Zucchini Lasagna (Pasta-less Lasagna)
Serves: 8 | Prep time: 30 minutes
- 2 large zucchini
- 1 large onion, finely diced
- 1 large bell pepper (any color), finely diced
- 4 cups fresh spinach or kale leaves (kale stems removed), roughly chopped
- 2 Tbsp fresh basil, finely chopped
- 3 cloves garlic, minced
- 16 oz ricotta cheese*
- 1 c. shredded mozzarella cheese*
- 1/4 c. grated parmesan cheese*
- 1 lb italian sausage (can replace with equal amounts of another ground meat or finely diced tofu or mushrooms or veggie mix)
- 2 c. tomato sauce (storebought or homemade), divided
*I’m guessing that you could possibly use cashew ‘cheese’ if you wanted to make this vegan. I’ve never tried it myself, please let me know how it turns out if you give it a try!

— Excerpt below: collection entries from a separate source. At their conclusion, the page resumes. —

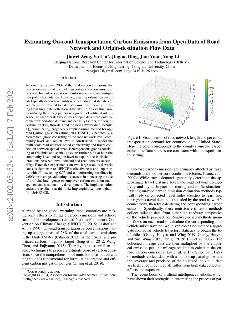 Accounting for over 20% of the total carbon emissions, the precise estimation of on-road transportation carbon emissions is crucial for carbon emission monitoring and efficient mitigation policy formulation. However, existing estimation methods typically depend on hard-to-collect individual statistics of vehicle miles traveled to calculate emissions, thereby suffering from high data collection difficulty. To relieve this issue by utilizing the strong pattern recognition of artificial intelligence, we incorporate two sources of open data representative of the transportation demand and capacity factors, the origin-destination (OD) flow data and the road network data, to build a hierarchical heterogeneous graph learning method for on-road carbon emission estimation (HENCE). Specifically, a hierarchical graph consisting of the road network level, community level, and region level is constructed to model the multi-scale road network-based connectivity and travel connection between spatial areas. Heterogeneous graphs consisting of OD links and spatial links are further built at both the community level and region level to capture the intrinsic interactions between travel demand and road network accessibility. Extensive experiments on two large-scale real-world datasets demonstrate HENCE's effectiveness and superiority with R-squared exceeding 0.75 and outperforming baselines by 9.60% on average, validating its success in pioneering the use of artificial intelligence to empower carbon emission management and sustainability development. The implementation codes are available at this link: https://github.com/tsinghua-fib-lab/HENCE.
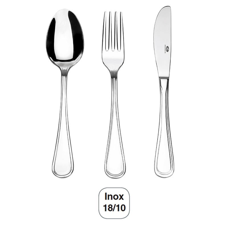 Faca de sobremesa Série Áries fabricado em aço inoxidável 18/10 de 2,5 mm de espessura de alta qualidade e excelente resistência à corrosão. Pack de 12 unidades.
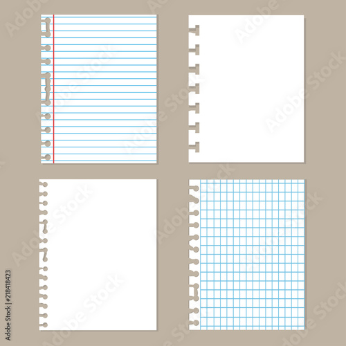 Pieces of torn paper.Set of different notebook paper. School sheets
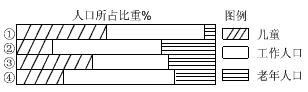 5、单选题 读某四国人口构成示意图,回答(1)——(2)题。
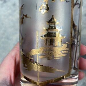 Asian Gold Leaf Frosted High Ball Glasses Pagoda Lotus Tree Cocktail
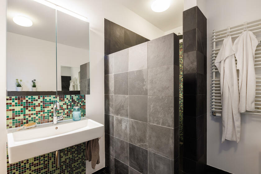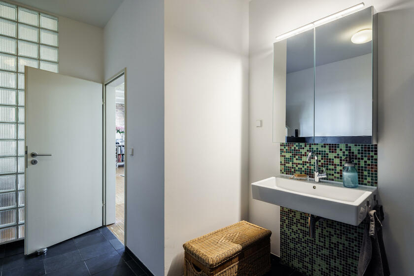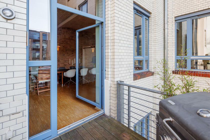Das großzügige und lichtdurchflutete Loft befindet sich in einem stillen Innenhof in Berlin-Friedrichshain. Ausgewählte Akzentwände der Räume und das Deckengewölbe bestehen aus sichtbaren Ziegeln. In allen Räumen, mit Ausnahme des Badezimmers, wurde Eichenparkett verlegt. Im Badezimmer wurden Naturschieferfliesen verlegt. Die Wohnraumfenster des Lofts sind nach Norden ausgerichtet, die Fenster des Koch- und Essbereiches, die Fenster des Schlafzimmers und der Balkon nach Westen. Das Loft ist bequem mit einem großen, gläsernen Aufzug erreichbar. Es steht ein Pkw-Parkplatz zur Verfügung.

Preheat oven to 375 degrees F.
Slice the zucchini into thin slices crosswise (making circles, not long strips). (Optional–peel zucchini before slicing). Lay slices out on papertowels and salt generously. Allow to sit for 5-10 minutes–zuchinni will release some of their liquid. Crumble sausage/meat/tofu/veggies into a large sauté pan. Cook completely, then set aside. Drain grease. Cook chopped onions and peppers in a large sauté pan with minimal oil for about 5-7 minutes, until softened. Set aside. Rinse all zucchini well. Cook zuchinni in sauté pan for about 5 minutes, until slices begin to wilt. Spread on papertowels and allow to cool. Cooked spinach/kale in a covered sauté pan until wilted, about 3 minutes. Mix together wilted greens, basil, garlic, parmesan, 1/4 c. mozzarella, and ricotta cheese in medium bowl. In separate bowl, mix together onions, peppers, and meat/veggies with 1/2 c. of tomato sauce. Firmly pat zucchini slices dry
Lightly grease a 9×9″ pan. Spread 1/2 c. of tomato sauce into the bottom of the pan, coating evenly. Layer zucchini in even layer, top with cheese mixture then meat/veggie mixture, spreading evenly for each layer. Top meat/veggie mixture with 1/2 c. of tomato sauce. Continue this pattern (zucchini, cheese, meat, sauce) until ingredients run out–I got three layers. Be sure to end with sauce on topmost layer. Cover with remaining 3/4 c. mozzarella cheese.
Cover pan with aluminum foil. Bake at 375 degree F for 45 minutes. Uncover and bake for 10-15 minutes more, until cheese is browned and bubbling. Allow lasagna to rest for 20 minutes before slicing.
Can be refrigerated in sealed container for up to 4 days.